Whether or not Belarussian president Aleksandr Lukashenko succeeds in stifling the protests in Belarus with violence, the writing is on the wall: his regime has lost all support.

Moreover, Lukashenko should not put his faith in Moscow, as the Kremlin may not be inclined to continue its support.

Belarus in Chaos

The footage in the news over these last days has shown the carnage currently occurring in Belarus. So far, security forces have been able to drive the demonstrators in Minsk and other cities from the streets. It may be a temporary success but it’s not a win. In fact, the current situation is testimony that the regime’s time might be over.

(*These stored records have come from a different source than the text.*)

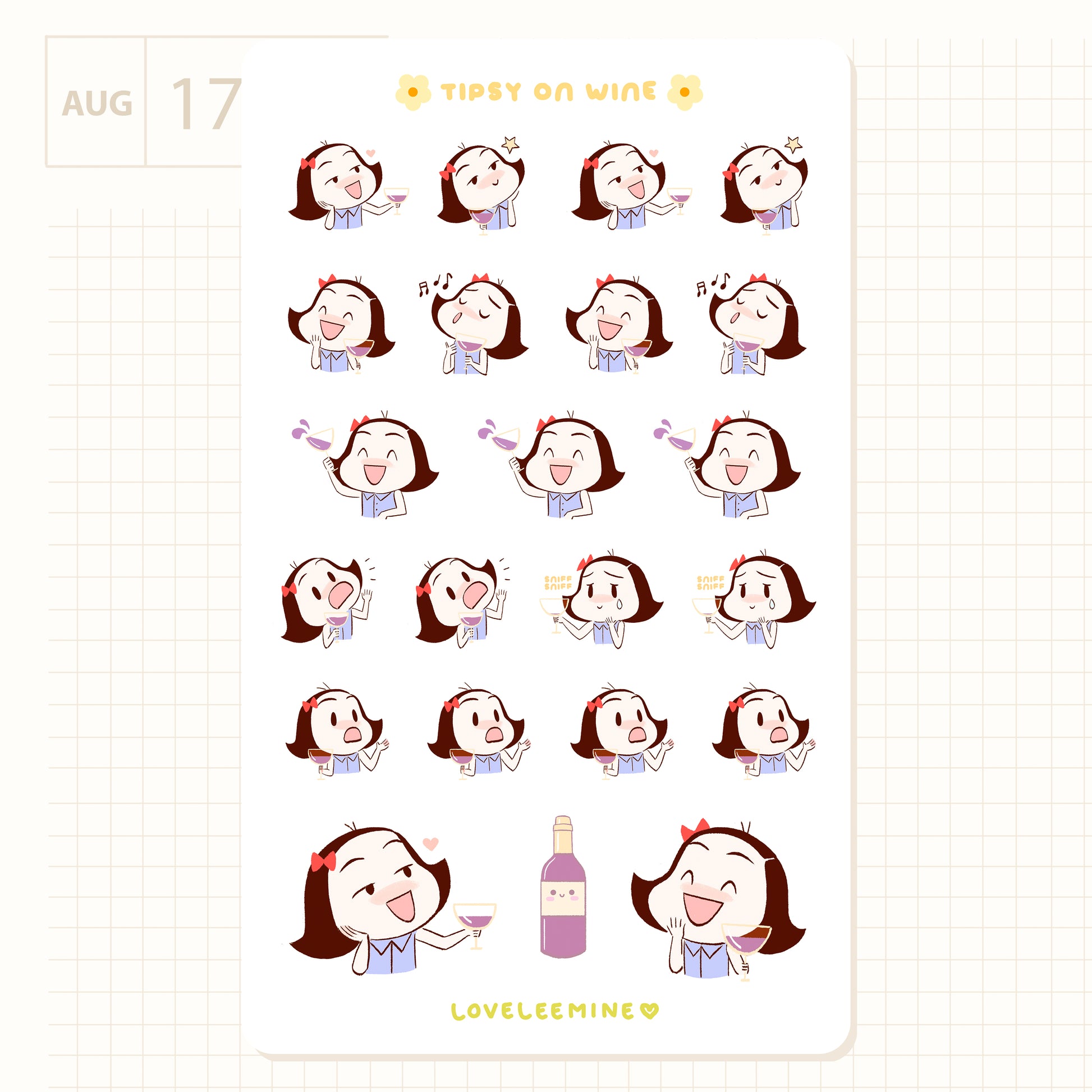 Whether you are celebrating or simply having a glass of wine for a down time, these tipsy Coco stickers are perfect for the occasion ♡
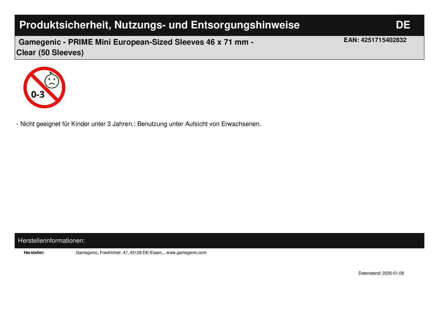 Produktinformationen "Gamegenic - PRIME Mini European-Sized Sleeves 46 x 71 mm - Clear (50 Sleeves)"
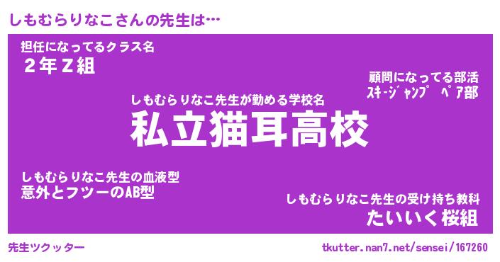 | 意味不明あだ名 | 『ペロリンしもむらりなこ』 |
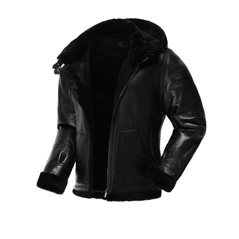 Natural Sheepskin Shearling Jacket Hood Warm Winter Coat Men Fur Jackets Men Genuine Leather Jacket мужские кожаные куртки
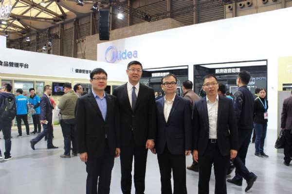 (圖片人物從左到右依次為美的冰箱事業部總經理王建國,美的集團副總裁兼中央研究院院長胡自強,美的生活電器事業部總經理李國林,美的智慧家居科技有限公司總經理李強)
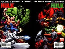 Hulk and Silver Surfer have fought a few times in non-cannon stories or as alternate incarnations of themselves. Truth be told, despite some interesting stories, these issues don't count. I see them as writers interpretations of “Hulk vs Silver Surfer” battles without continuity restraints so they always have fun twists of “What could have been.” Listed here are not all but the best of the best of the Hulk and Silver Surfer battles that occurred outside of actual Marvel continuity or cannot be listed as actual "official" fights between the two combatants.
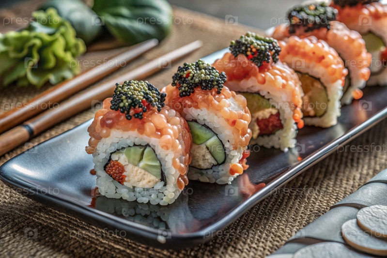 Японская еда. Суши-роллы Калифорния, Филадельфия с угорьем, красной икры и лососем. Концепция меню суши-бара
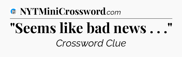 The clue “”Seems like bad news . . .”” most recently appeared in a USA Today Crossword on November 21, 2025.
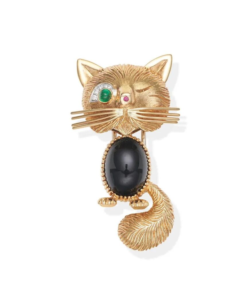 梵克雅宝|镶钻石及宝石「淘气猫」胸针

The recent election Day made it apparent that Lukashenko no longer has any significant support in the population – despite the rather dubious election results claiming he won with 80 percent. However, the regime is cognizant that, in reality, it does not carry 80 percent of the public’s support – arguably not even close. Moreover, by placing Minsk in a state of siege long before the polls closed on Sunday and severely obstructing the internet, it admitted that it could only stay in power by force and not via democratic processes. The latter is hardly a promising recipe for sustained success. Naturally, reliable information about the actual election result is not yet available.

How Far Will Lukashenko go to Hold on to Power?

However, autocrats enjoy few privileges more than being in power. Thus, opponents of the regime have never had any illusions: Lukashenko would also shoot demonstrators to defend his power. On the weekend, it was rubber bullets, but worse must be expected. Furthermore, even if Lukashenko should manage to crush the demonstrations by force again, the fact that he has lost the country remains.

One reason the lack of support is so notable now is that the protest movement is broader than ever before. When the regime violently crushed a massive demonstration against Lukashenko’s electoral fraud ten years ago, it was a single protest march of 50,000 people on the central street of Minsk to the government building. On the outskirts of the capital and in the rest of the country, things remained calm.

On Sunday evening, however all over Belarus people gathered in front of the polling stations and demanded an honest count; there were demonstrations in all of the larger cities, which the security forces initially found helpless in some places. Moreover, in Minsk itself, the protesters challenged the security forces in many different places until the early hours of the morning.

Opposition candidate Svetlana Tichanovskaya and her colleagues have announced that they are ready for permanent protests. However, their success or failure does not depend primarily on their political skills. The demonstrations on Sunday had no apparent organizers and no leaders. One of the crucial questions now is how far the security forces are prepared to follow Lukashenko.

Moscow’s Perspective on Lukashenko and Belarus

Just as much now depends on how Moscow behaves. For them, a weakened Lukashenko as Belarusian president would be ideal in the short term. The not precisely warmhearted telegram of congratulations from Russian President Vladimir Putin to Lukashenko shows what he expects in return for support: closer political, economic and military integration — de facto Putin wants an extensive abandonment of the country’s independence.

Nevertheless, it could be that the Kremlin will be doubtful about whether it is worth it to pay a high price for supporting Lukashenko in the long run: If Putin keeps his neighbor in power, he will gamble away the still strong ties of the majority of Belarusians with Russia. After Russia lost Ukraine because it wanted to keep a corrupt and violent regime in power, it could also lose Belarus.

It will thus be interesting to see how and if the Kremlin decided to support Lukashenko. In any case, Belarus may be on the precipice of change – one way or the other.